#### Source material ####
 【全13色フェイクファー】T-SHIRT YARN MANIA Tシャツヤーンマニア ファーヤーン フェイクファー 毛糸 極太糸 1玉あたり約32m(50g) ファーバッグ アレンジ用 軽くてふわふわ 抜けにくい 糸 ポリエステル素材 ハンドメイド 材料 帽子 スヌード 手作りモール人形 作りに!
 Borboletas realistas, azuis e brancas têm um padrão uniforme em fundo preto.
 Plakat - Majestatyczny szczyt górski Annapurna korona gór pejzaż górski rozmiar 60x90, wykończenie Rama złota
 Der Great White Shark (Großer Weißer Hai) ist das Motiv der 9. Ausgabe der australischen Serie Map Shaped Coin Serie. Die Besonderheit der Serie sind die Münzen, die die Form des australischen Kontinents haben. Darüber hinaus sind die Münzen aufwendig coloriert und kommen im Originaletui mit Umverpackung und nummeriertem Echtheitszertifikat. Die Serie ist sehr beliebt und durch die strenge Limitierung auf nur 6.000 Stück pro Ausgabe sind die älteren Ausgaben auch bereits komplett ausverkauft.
####
#### Source material ####
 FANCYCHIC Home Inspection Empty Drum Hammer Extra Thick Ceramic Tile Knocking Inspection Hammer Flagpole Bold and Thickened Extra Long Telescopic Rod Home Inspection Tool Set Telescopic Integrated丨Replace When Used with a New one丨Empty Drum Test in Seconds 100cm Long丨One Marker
####
Retype exactly the span of lines from the one with "スヌード 手作りモール人形 作りに!" through the one with "Der Great White"; include both ends and omit the rest of the material.

▶ _Answer to this exercise_
 【全13色フェイクファー】T-SHIRT YARN MANIA Tシャツヤーンマニア ファーヤーン フェイクファー 毛糸 極太糸 1玉あたり約32m(50g) ファーバッグ アレンジ用 軽くてふわふわ 抜けにくい 糸 ポリエステル素材 ハンドメイド 材料 帽子 スヌード 手作りモール人形 作りに!
 Borboletas realistas, azuis e brancas têm um padrão uniforme em fundo preto.
 Plakat - Majestatyczny szczyt górski Annapurna korona gór pejzaż górski rozmiar 60x90, wykończenie Rama złota
 Der Great White Shark (Großer Weißer Hai) ist das Motiv der 9. Ausgabe der australischen Serie Map Shaped Coin Serie. Die Besonderheit der Serie sind die Münzen, die die Form des australischen Kontinents haben. Darüber hinaus sind die Münzen aufwendig coloriert und kommen im Originaletui mit Umverpackung und nummeriertem Echtheitszertifikat. Die Serie ist sehr beliebt und durch die strenge Limitierung auf nur 6.000 Stück pro Ausgabe sind die älteren Ausgaben auch bereits komplett ausverkauft.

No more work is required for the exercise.